Inmates' deaths have ranged from natural causes (e.g. pneumonia) to suicide, homicide, and drug overdose. In 2018, a consolidated class action lawsuit was filed on behalf of 10,000 inmates against the Government of Ontario, alleging that the dangerous conditions at EMDC amounted to systemic negligence and violated inmates' Charter rights. The lawsuit initially sought $325 million in damages, but was settled for $32.7 million in September 2023.

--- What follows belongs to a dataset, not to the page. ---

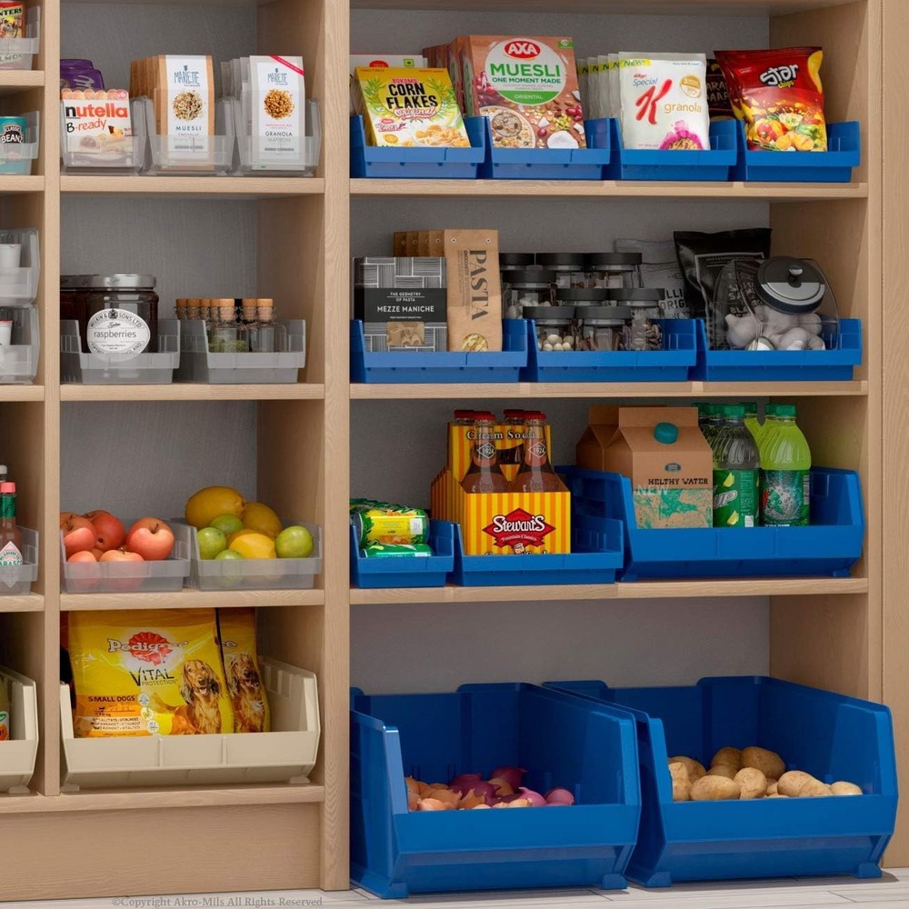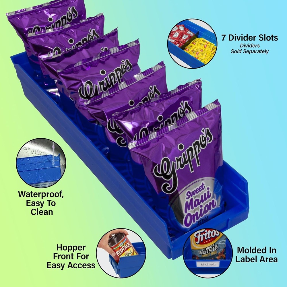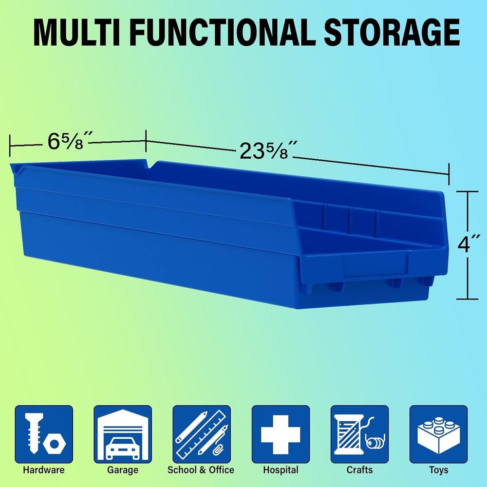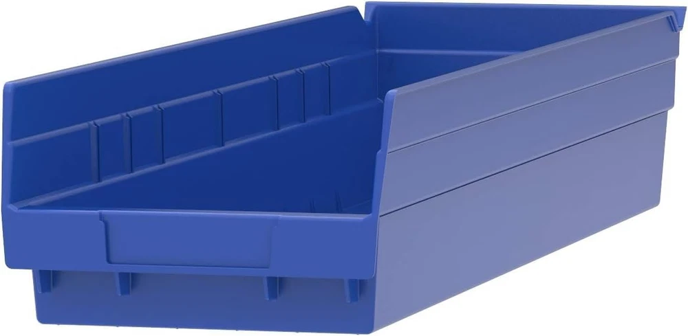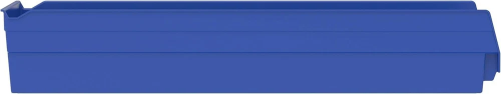 VERSATILE STORAGE CONTAINERS: Shelf Bins are great for any space; Use them on shelves, as an under sink organizer, cabinet organizer, or for garage storage; Bins fit with 12", 18", and 24" deep storage shelves, vertical storage, and pick racks DURABLE ORGANIZATION: These storage bins are made from industrial-grade polymers, offering a strong, long-lasting alternative to weak cardboard bins; Each storage bin is easy-to-clean and can be used indoors or outdoors; Shelf bins are waterproof SPILL-FREE RETRIEVAL: Lip design allows effortless forward tilting of the bin on racks, ensuring spill-free retrieval; Heavy duty plastic storage bins are great for parts storage, kitchen utensils, kitchen cabinet organization, closet storage, and more CUSTOMIZABLE SHELF ORGANIZER: Optional bin cups, dividers, and label holders (sold separately) let you tailor the heavy duty storage bins to your specific needs; Bins come in a variety of colors to color code your storage; Empty bins can be nested DIMENSIONS: Outside Dimensions - 23-5/8" x 6-5/8" x 4"; Inside Dimensions - 22-1/8" x 5-1/2" x 4"; Curved-bottom hopper front makes it easy to retrieve small parts; Weight capacity is limited to shelf weight capacity; Proudly made in the USA; Storage bins are NOT stackable

In 2018, family and friends of prisoners who died in EMDC custody began erecting memorial crosses on property opposite the facility's main entrance. Prison staff repeatedly complained that this "constant reminder of traumatic and tragic circumstances" negatively impacted their mental health and created an unsafe work environment. In 2021, the union representing EMDC staff successfully sought an order from the Ontario Grievance Settlement Board to have the memorial removed on the basis that the crosses posed "an unacceptable risk to the psychological health and safety of staff members at the facility." Then-Solicitor General Sylvia Jones confirmed that the memorial had been dismantled shortly thereafter.

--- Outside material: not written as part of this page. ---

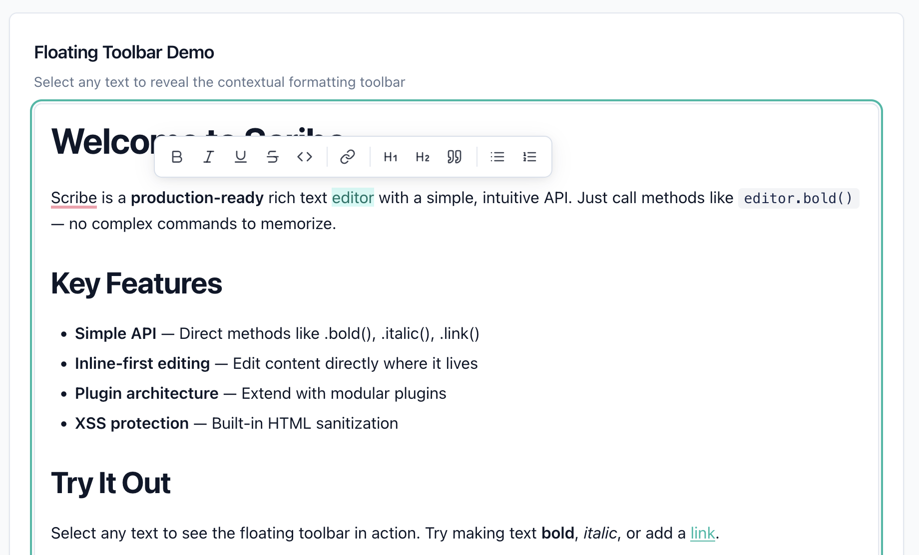 Lightweight rich-text editor core with a modern demo UI, fixed toolbar workflow, and a minimal API.

In early 2020, the jury in an inquest into two deaths at EMDC in 2015 and 2016 (Floyd Deleary and Justin Thompson) recommended the complete replacement of EMDC with another facility.

On May 14, 2024, the province announced an inquest into the deaths of eight men at EMDC (Clayton Bissonette, Chase Blanchard, Ronald Jenkins, Raymond George Major, James Pigeau, Malcolm Ripley, Justin Struthers, and Sean William Tourand-Brightman) between 2017 and 2021. Days before its scheduled start date in October 2024, the Ministry of the Solicitor General applied to have the scope of the inquest narrowed. The proceedings were subsequently postponed with no specified return date.